■ Problem to work on: Look through the listing below for the line containing "BEDROOM TWO 3.17m". Copy it and each line after it up to and including the line containing "大容量/ディフューザー/フレ", exactly, leaving out pictures.

■ Supplied data:
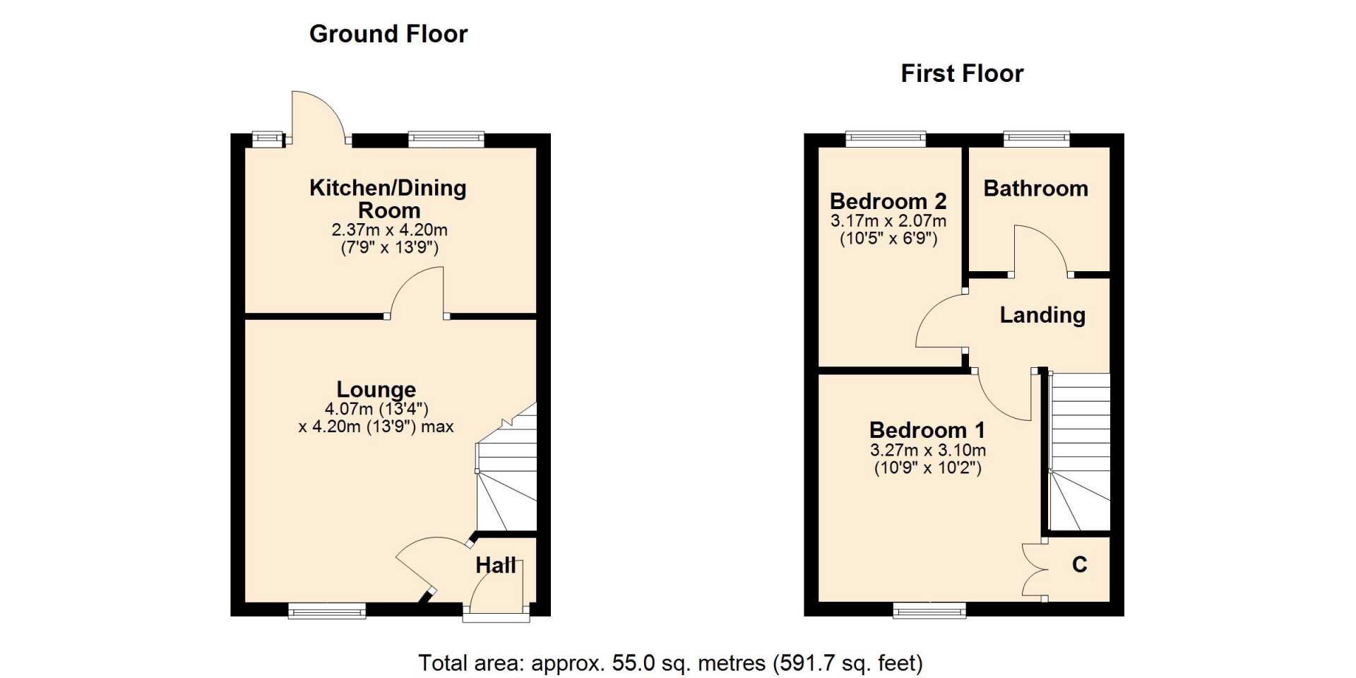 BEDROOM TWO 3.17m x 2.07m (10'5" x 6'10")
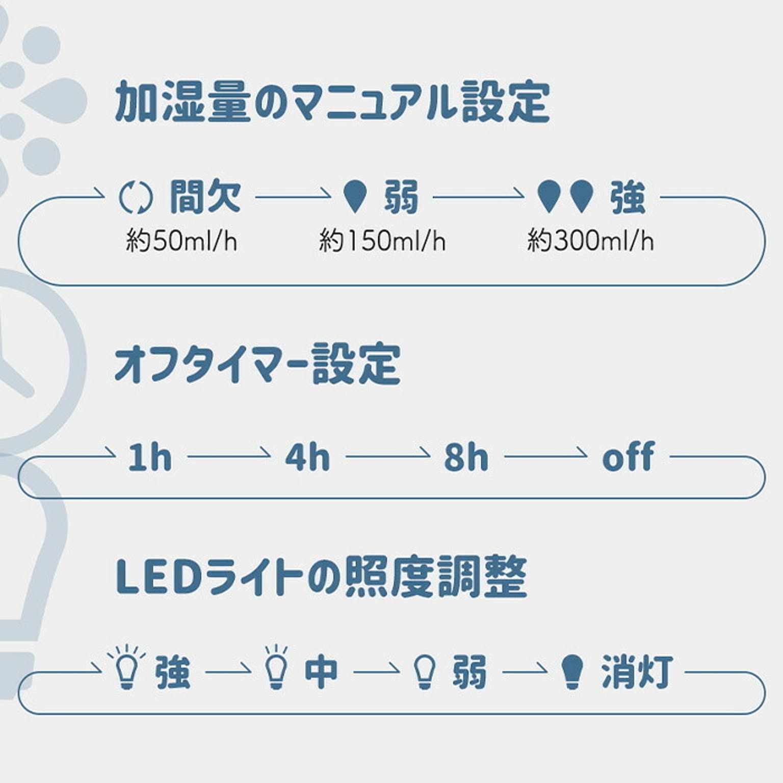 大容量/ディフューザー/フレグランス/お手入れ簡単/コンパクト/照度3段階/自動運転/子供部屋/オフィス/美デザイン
* * *
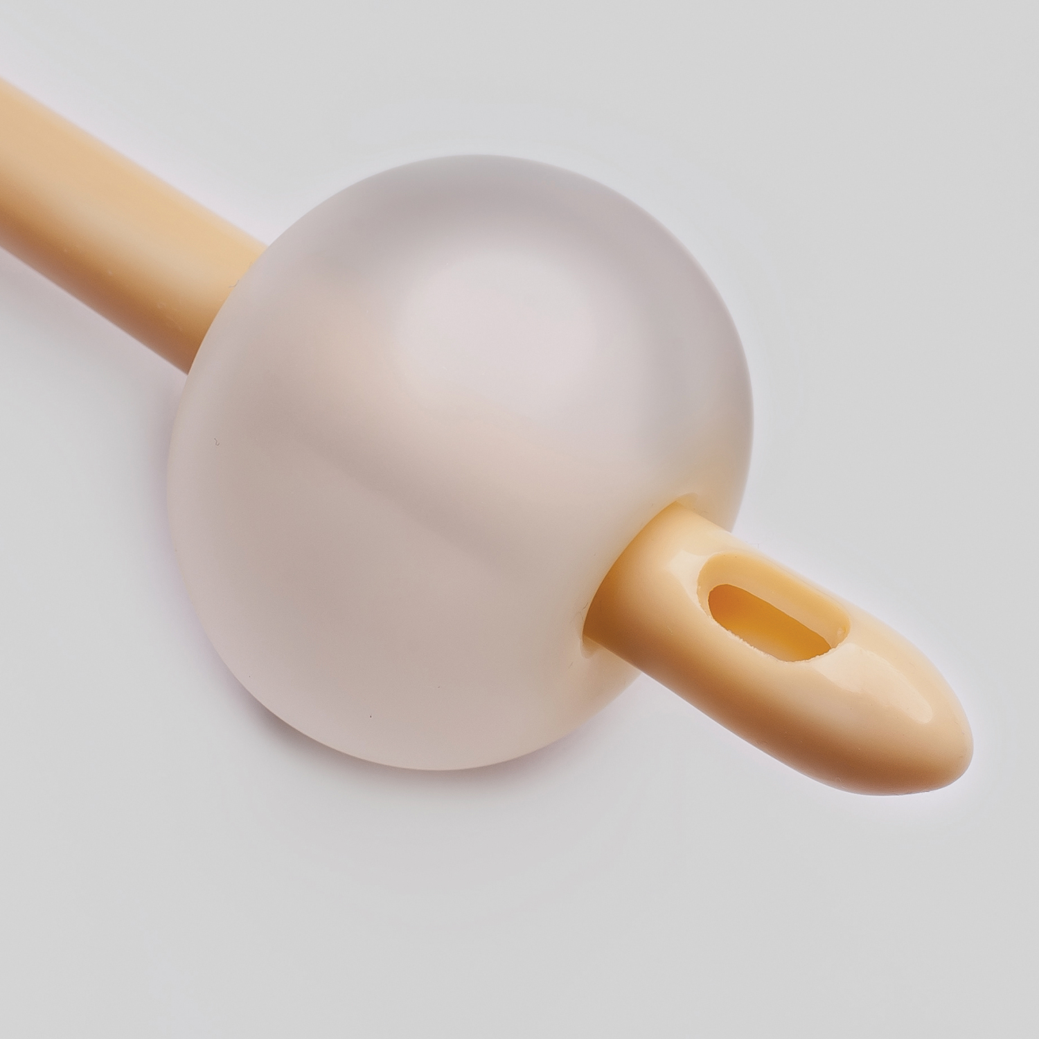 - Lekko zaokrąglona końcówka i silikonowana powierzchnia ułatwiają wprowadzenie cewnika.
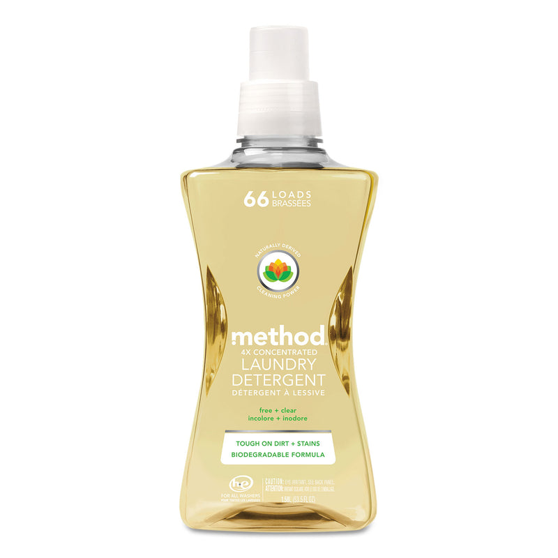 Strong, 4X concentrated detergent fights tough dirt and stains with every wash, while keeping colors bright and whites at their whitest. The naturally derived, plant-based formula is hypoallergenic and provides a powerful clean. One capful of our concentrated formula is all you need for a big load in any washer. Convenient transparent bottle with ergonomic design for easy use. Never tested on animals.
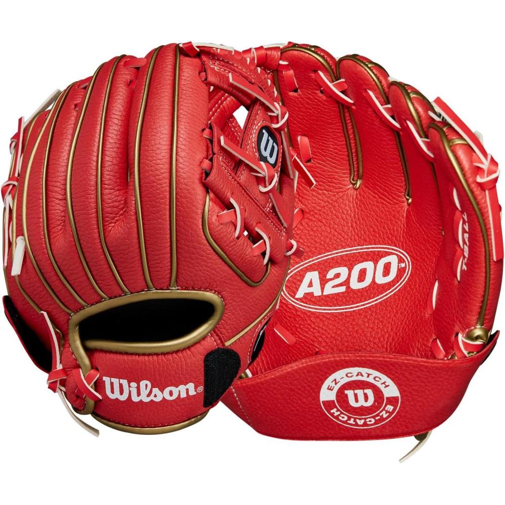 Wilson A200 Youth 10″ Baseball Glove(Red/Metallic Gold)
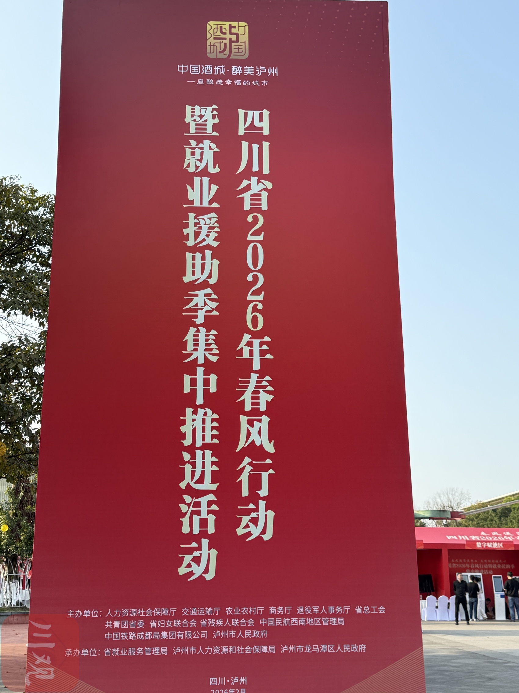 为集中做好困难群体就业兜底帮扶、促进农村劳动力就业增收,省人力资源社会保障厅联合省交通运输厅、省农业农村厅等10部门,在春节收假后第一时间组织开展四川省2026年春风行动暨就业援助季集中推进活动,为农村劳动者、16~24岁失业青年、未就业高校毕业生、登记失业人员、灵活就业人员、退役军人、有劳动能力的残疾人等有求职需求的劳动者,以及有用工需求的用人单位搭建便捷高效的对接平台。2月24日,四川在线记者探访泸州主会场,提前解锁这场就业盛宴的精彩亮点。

■ Problem solution:
 BEDROOM TWO 3.17m x 2.07m (10'5" x 6'10")
 大容量/ディフューザー/フレグランス/お手入れ簡単/コンパクト/照度3段階/自動運転/子供部屋/オフィス/美デザイン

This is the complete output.